The market reactions to the four MCO events are different. The first announcement of MCO is under more strict government regulation. Investors can overhaul their stock portfolios, choosing larger-scale but younger companies that belong to the healthcare industry to minimize the adverse effects of MCO considering the COVID-19 pandemic and, in the process of gradual deregulation, choosing subindustry that belongs to healthcare provider industry, whose market reaction is better than others. Although many countries have adopted similar measures to control the spread of the epidemic, these countries have also paid the price of painful economic stagnation or retrogression. In this regard, market participants are divided on whether the Malaysian government authorities will take this measure. Once the order of MCO on March 16, 2020, comes into effect, this panic spreads quickly to the whole stock market. Investors behaved irrationally, and the price of stocks fell dramatically. Investors’ overreaction can be explained in the context of the lockdown order [38].

However, after the first MCO, the market participants gradually returned to normal with the following events. On the one hand, the stricter lockdown order causes an economic disruption and a negative shock on the stock performance generally. On the other hand, the demand for health care is increasing as the policy has released a signal of severe infection. Meanwhile, the expectation of strict lockdown order has been formed and stable among investors. Nevertheless, the stock price fluctuation also depends on the company's characteristics. The event effect is more pronounced in mature small healthcare companies, which belong to the pharmaceutical subindustry. Meanwhile, large-scale companies have an advantage over small-scale companies in coping strategies and capital reserves. Referring to the demand surge of medical items in disease outbreaks [12], the subsequent three extensions of MCOs have positively impacted the stock returns of healthcare companies in Malaysia. In the following events, the policy shock has less impact than the first announcement. The sample companies also have more experience in responding to lockdown orders and stabilizing stock prices. Last but not least, the spread of COVID-19 is partly controlled by the first lockdown order, somehow mitigating the negative impacts of pandemics. Before the MCO announcements, the market had even formed expectations, and the trading behavior returned to rationality. The investors regard the news of the lockdown positively and ultimately reflected on the stock return indices, and they can take steps before trading during the lockdown period, especially in the early phase of lockdown, to avoid the volatility of stocks.
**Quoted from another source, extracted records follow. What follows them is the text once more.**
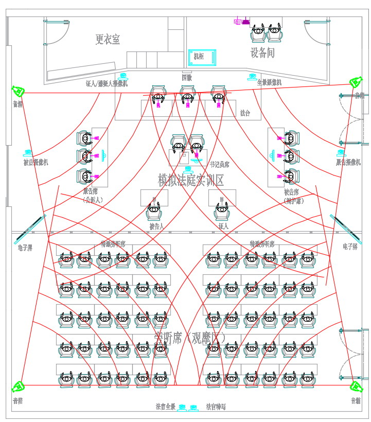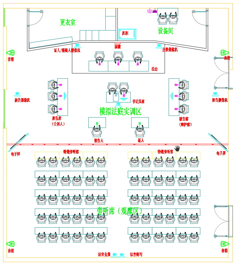 更衣室:主要可滿足在開展模擬審判教學(xué)及競賽時(shí),供老師、學(xué)生、裁判等更衣及儲(chǔ)物使用,兼具合議室功能。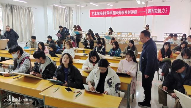 3月5日上午,万象城awcsport官网邀请陕西省美术学科教学能手,安康中学高级美术教师何涛老师在江北2202阶梯教室为首届卓越美术教师师资班同学们做《速写的魅力》讲座,讲座由美术系主任杜敏主持。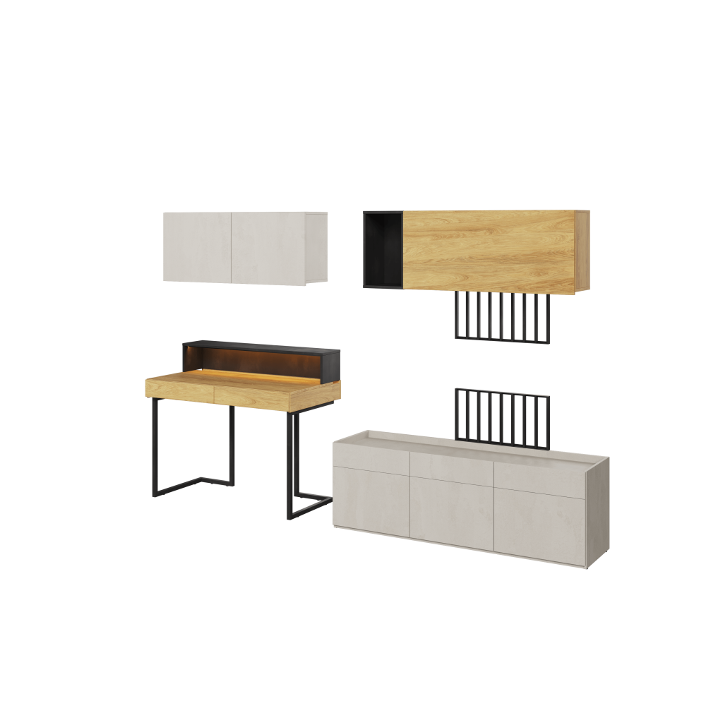 Zestaw SET-09B obejmuje starannie dobrane elementy, takie jak: przestronne biurko TF-06+TF-15, funkcjonalna nadstawka TF-07, wiszące szafki TF-10 i TF-12, dwa panele TV TF-14, półka TF-11 oraz pojemna szafka TF-08. Taka konfiguracja zapewnia wiele miejsca na przechowywanie, tworząc uporządkowaną i estetyczną przestrzeń, która świetnie wpisze się zarówno w pokoje dziewczęce, jak i chłopięce. Dzięki uniwersalnej kolorystyce i ponadczasowemu wzornictwu zestaw będzie służyć przez lata, a jego funkcjonalność pozwoli na łatwe dopasowanie do zmieniających się potrzeb użytkownika.
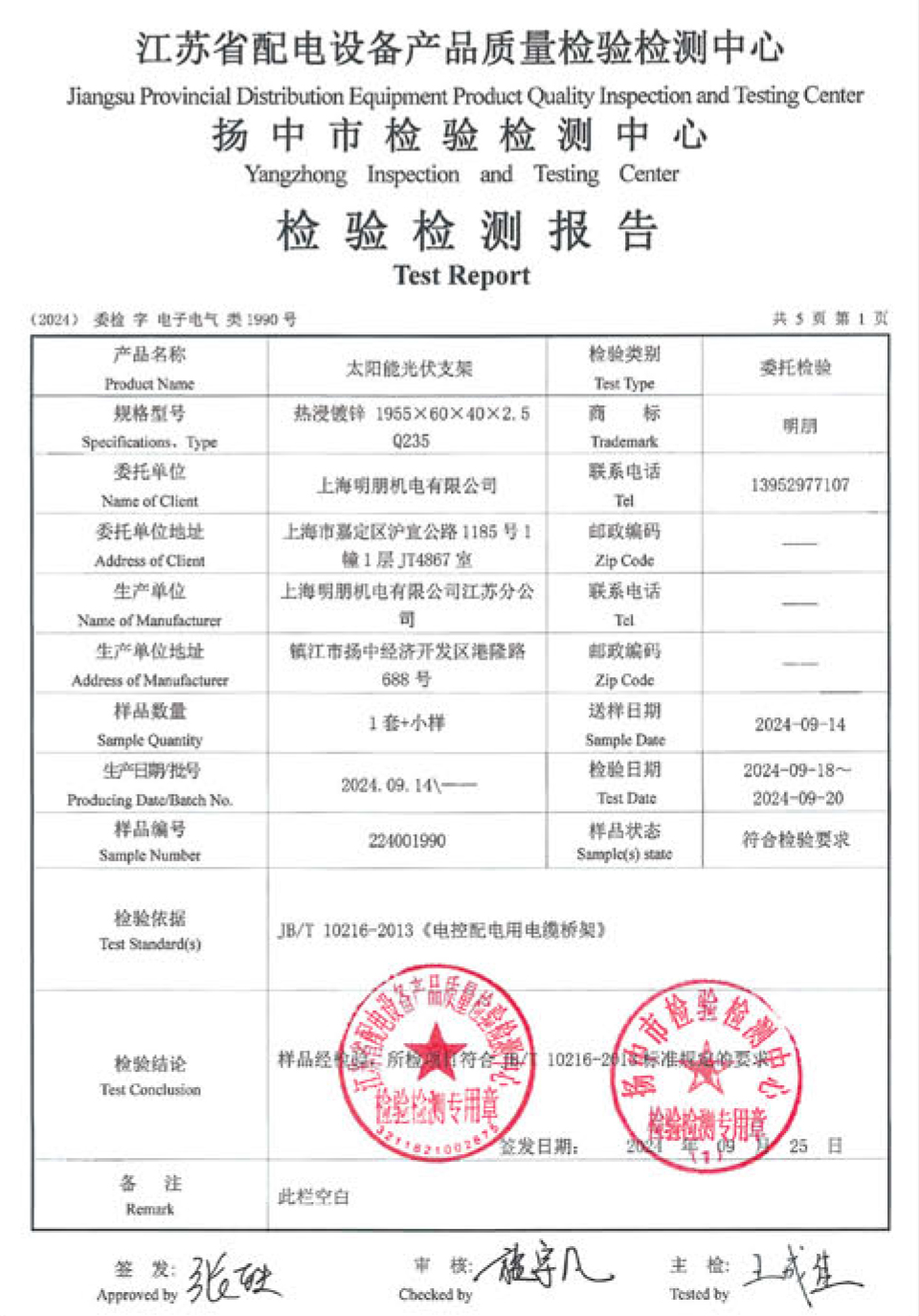 太阳能光伏支架检验检测报告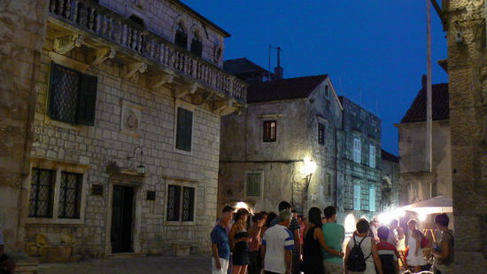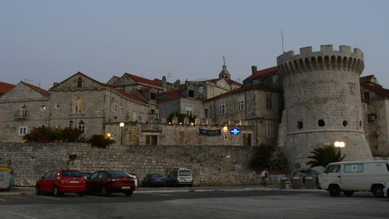 Nach der Ankunft am Nachmittag wahren wir erst einmal etwas enttäuscht von der Stadt, im Gegensatz zum hell strahlenden Dubrovnik wirkt Korcula Stadt verlassen und ein wenig heruntergekommen. Ein Großteil der Gebäude ist überzogen von einer Art dunkler Patina.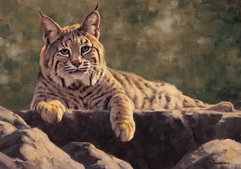 “I often paint animals that are moving or interacting, but occasionally I also like to show them in the more passive moments that make up a majority of their day. This bobcat is relaxing on a rock and is not concerned with much else going on.”

Furthermore, the stock market has positively affected the announcement of lockdown after the first event, and demand factors are more critical than other disruptions for the Malaysian healthcare sector.

This paper has several limitations, one of which is that since COVID-19 is still ongoing, we have only studied the short-term impact on the market reaction of listed Malaysia healthcare companies, excluding unlisted ones. Other events are happening during the pandemic, such as tax reduction policy and cut to interest rates, and these are also suggestions for future research. Another limitation is the slackness of data, and this paper did not study sociodemographic variables in terms of investors, such as age, gender, financial literacy, and stock market experience.

Data Availability

The sample data selected in this article are listed healthcare industry companies in Bursa Malaysia. The database we used for this study is FTSE Bursa Malaysia KLCI (FBMKLCI).

Conflicts of Interest

The authors declare that they have no conflicts of interest.

Acknowledgments

This study was supported by the Philosophy and Social Sciences in Jiangsu Province 2022SJYB1559.